If timing requirements are not met, Schmitt triggers on the QSPI data pins can be disabled by unsetting the SCHMITT bit in the QSPI_SDn registers.
| Name | Value | Description |
|---|---|---|
| SCHMITT | [Disabled] Enabled | Enable schmitt trigger |
Benchmarking
We can benchmark XIP by measuring the latency of uncached reads using the SysTick timer 1.
volatile uint32_t* SYST_CSR = 0xe000e010;
volatile uint32_t* SYST_RVR = 0xe000e014;
volatile uint32_t* SYST_CVR = 0xe000e018;
const uint32_t CSR_CLKSOURCE = 1 << 2;
const uint32_t CSR_ENABLE = 1;
volatile uint32_t* XIP_NOCACHE_ADDR = 0x13000000;
const uint32_t RVR = 0xffffff;
*SYST_RVR = RVR;
*SYST_CSR |= CSR_ENABLE | CSR_CLKSOURCE;
uint32_t n_cycles;
#pragma GCC unroll 0
for (size_t i = 0; i != 2; ++i) {
*SYST_CVR = 1;
const uint32_t _ = *XIP_NOCACHE_ADDR;
n_cycles = RVR - (*SYST_CVR);
}We configure the SysTick timer to start at RVR and operate at the sys_clk frequency.
The first iteration loads instructions into the cache to remove fetch latency in the second.
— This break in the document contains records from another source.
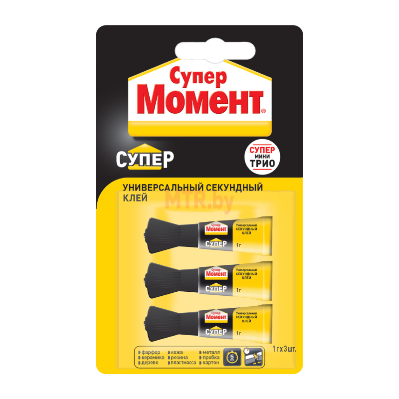 Клей цианоакрилатный Супер Момент Супер секундный, универсальный, 1 г*3 шт
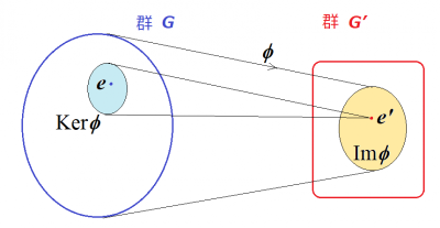 商群$$G/\textrm{Ker}\phi $$から群$$G'$$中の$$\textrm{Im}\phi $$への同型写像になる.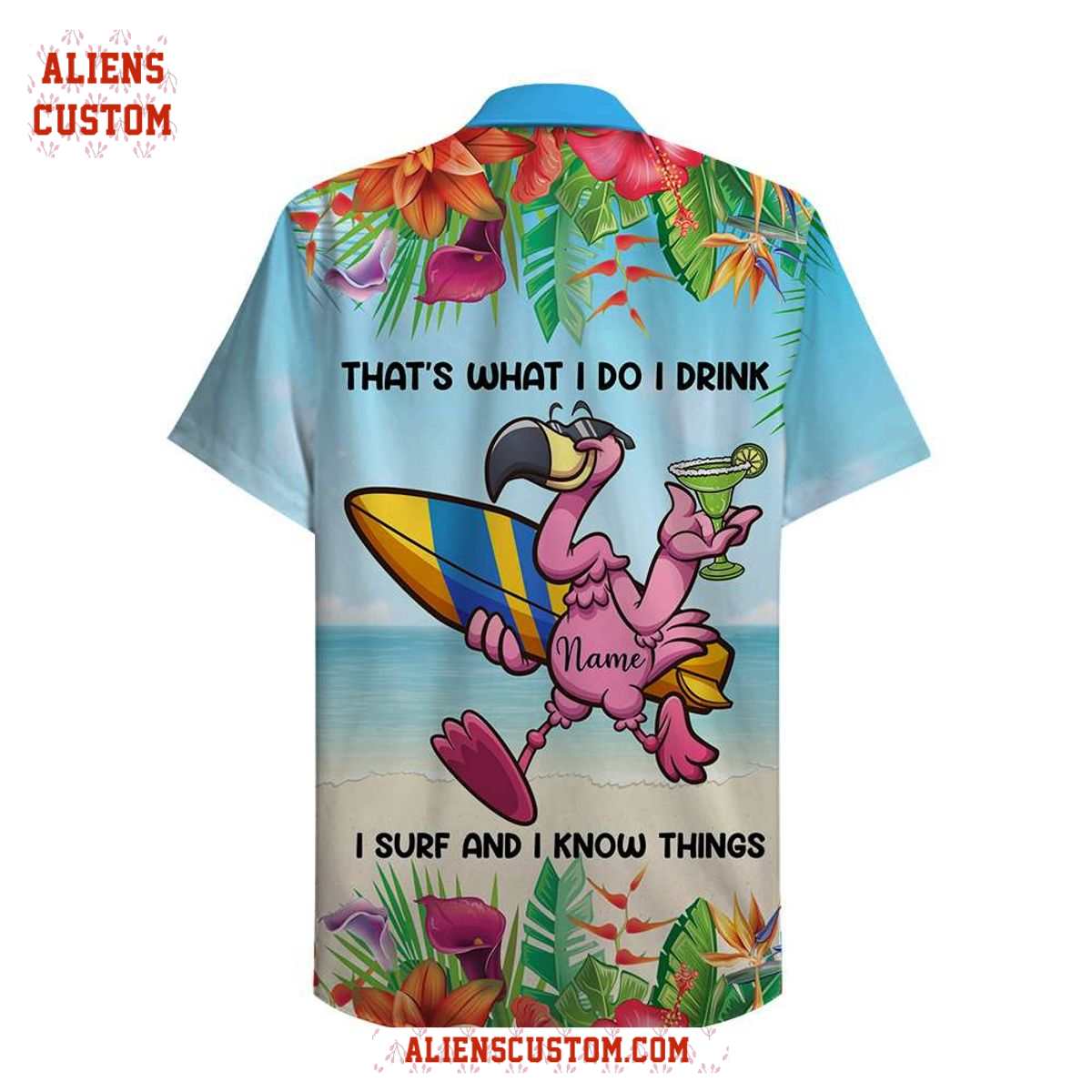 Alienscustom – I drink I surf and I know things Personalized Surfing Flamingo Hawaiian Shirt

We also need to disable loop unroll, as it would prevent instructions from being cached.
| Instruction | #cycles |
|---|---|
03h | 275 |
0Bh | N/A |
3Bh | 123 |
6Bh | 107 |
BBh | 75 |
EBh | 51 |
We see that EBh read is about 5 times faster than 03h read with our configuration.
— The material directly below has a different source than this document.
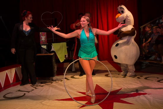 Jasmin Dornseiff ist als „Elsa“ mit einer Hula Hoop Darbietung zu erleben. Natürlich darf auch Schneemann „Olaf“ nicht fehlen und Lilly begleitet den Auftritt mit gekonntem Live-Gesang. Vielseitige Abläufe des Genres werden charmant geboten.

Note that we might expect different results for different clock sources. These results are for the default on-chip Ring Oscillator (ROSC), which runs at a nominal 6.5MHz.
Instead of conclusion
By examining the bootloader code in depth, I learned many exciting aspects of it: QSPI, linker scripts, and even some electrical details. It was also a great opportunity to use ARM assembly and memory-mapped I/Os in a practical way.
I'm a bit surprised by the benchmark results, which I cannot explain analytically. But maybe it is due to the clock source being quite unstable.
The next step is to use more components of the system without the SDK to continue learning about this architecture. It could also be very instructive to write a program to flash the firmware on the board using the SWD port, rather than relying on any tool.
Again, I'm a little annoyed that the clock source isn't properly configured, as it could be much faster and more precise. I think I'll look into it again soon.